Some knew what it would be.


----------



## Grizz (Nov 10, 2008)

hellside said:


> I look up nose roll in various places and they all look like this that spin the tail 180 degree.
> 
> Snowboarding Tricks - Nose and Tail Rolls @ ABC-of-Snowboarding
> 
> I should have more detail for my description. The tail pivots no more than 90 degree and I don't think it needs to involve upper body rotation, maybe more of an up and down movement, similar to hop but just on the tail.


You're right of course on the nose roll. I was teasing a little based off your description. 

But back to your original question, what to call the move you described? How about "nose pivot turn" or "nose butter turn". Calling it the "Not able to control my speed through turn shape turn" or "Holy hell, the tail of my board is flopping around like a beached carp turn" are a little to wordy.

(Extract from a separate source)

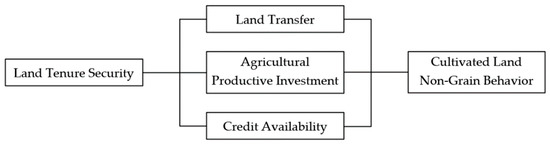 As the essential condition that China’s agricultural production has always relied on, the property rights of agricultural land are the core of the optimal allocation of resources [10]. The land rights system with clear ownership is the cornerstone of agricultural development [11]. In addition, ensuring land tenure security is of great significance to promoting moderate-scale agricultural operations, achieving effective allocation of production factors, and promoting agricultural modernization. A large number of scholars have found that land tenure security has a significant impact on farmland investment [12], cultivated land quality [13], production efficiency [14], and green production [15]. The stability of farmland property rights will lead to changes in agricultural investment and land factor input, ultimately affecting households’ decisions to pursue grain and non-grain planting by affecting farmers’ income. However, few scholars have studied the influence of land tenure security on cultivated land non-grain. Based on this, this paper uses the survey data of micro-farmer households in the main grain-producing areas of the Guanzhong Plain to construct a theoretical analysis framework of “land tenure security—non-grain”. It uses OLS, the mediation effect model, and other econometric models to assess the relationship between land tenure security and cultivated land non-grain. The specific research purposes are: (1) To explore the impact mechanism of the land tenure security on the cultivated land non-grain, in order to provide a reference for preventing excessive control in the management and control of cultivated land use. (2) To provide a new perspective for the study of cultivated land non-grain. (3) To provide decision-making reference for ensuring regional food security.

If you are looking to do a freestyle move, unweighting the tail and pivoting off your nose is fun. If you are trying to negotiate a steep slope with the greatest control over your decent....it's probably not the most efficient option.


----------



## hellside (Dec 28, 2008)

Grizz said:


> You're right of course on the nose roll. I was teasing a little based off your description.
> 
> But back to your original question, what to call the move you described? How about "nose pivot turn" or "nose butter turn". Calling it the "Not able to control my speed through turn shape turn" or "Holy hell, the tail of my board is flopping around like a beached carp turn" are a little to wordy.
> 
> If you are looking to do a freestyle move, unweighting the tail and pivoting off your nose is fun. If you are trying to negotiate a steep slope with the greatest control over your decent....it's probably not the most efficient option.


Thanks for the reply. I leaned it one time a few years ago and never use it until I saw it again so I thought maybe there is a name for this.


----------